There’s a lot of hype around big data these days. And it isn’t any wonder with everything going digital. We’ve been generating a large mass amount of data that’s becoming more and more valuable.
Think of publicly available and open data. You may be asking why is it so important? Using open or publicly available data can be extremely useful. Some examples include:
- Analyzing global trends
- Measuring the efficiency of government policies
- Innovating a new service
- Improving your company’s products
Because of the wide range of applications, not just data scientists, but journalists, marketers, business professionals, and even freelancers, are learning how to access, clean and interpret raw data.
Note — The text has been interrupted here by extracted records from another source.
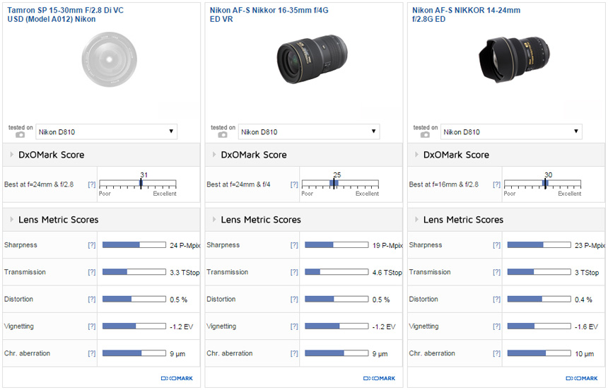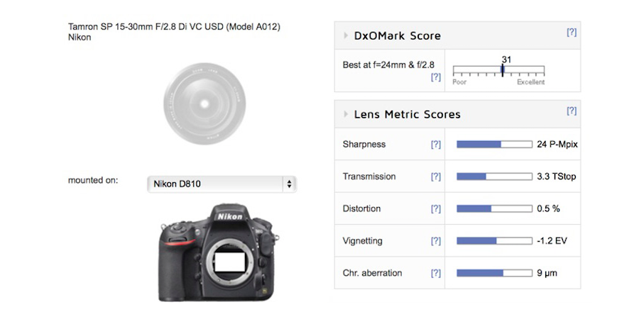 Tamron SP 15-30mm f/2.8 DI VC USD lens test results shows the lens score of 31 points and earned a high score overall. The wide-angle zoom lens tested by using the Nikon D810 digital SLR camera.
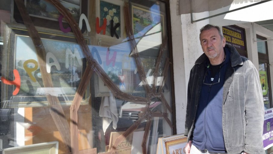 Prema rečima Srđana Ivanovića iz Jagodine, koji već pet godina radi u radnji za uramljivanje slika, neko je u najlon od cigareta uvio kamen i razbio izlog koji čine dva debela stakla. Dokaze je predao policiji radi veštačenja. Huligani nisu uspeli da "završe posao", ali je Ivanoviću naneta šteta od oko 500 evra.
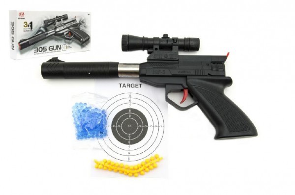 Pistole plast 30cm na měkké a vodní kuličky o průměru 6mm v krabici

While you may already have access to data analytics tools or a topic to research, all that may be missing are the big data sources to work with. Wondering where to find statistical data? Below is a list of databases you can start with.
1. The World Factbook –The CIA website has an open source library where you can find its World Factbook, which offers the public opendata on 267 countries on topics ranging from history and government to geography and military.
2. Amazon Web Services —Amazon Web Services offers a suite of cloud computing services for database, computing, storage and analytic solutions to name a few. AWS also hosts a number of public datasets, which you can access. You will need to have an AWS account or access to its command line tools.
3. Open Government Data—Looking for data from major governments? You can search through data available publicly from the Governments of Canada, the USA and the UK. The EU Open Data Portal can give you access to a range of data produced by member countries of the European Union.
4. Open Data Network – The Open Data Network, launched by Socrata.com in 2014, is an online data catalogue that makes finding the data you need as easy and familiar as finding data with Google. Its latest enhancements include updates for elements like autosuggestion and easier mobile navigation. This site covers all major US regions including public data sources for areas like finance, health, infrastructure, education and social services to name a few.
5. Google Public Data Explorer– What better place to explore datasets than on Google? Google Public Data Explorer makes it easy for anyone to access and interact with public data from international organizations and academic institutions. You can upload, share and visualize datasets. Here’s an overview to get an idea of how to use Google Public Data Explorer.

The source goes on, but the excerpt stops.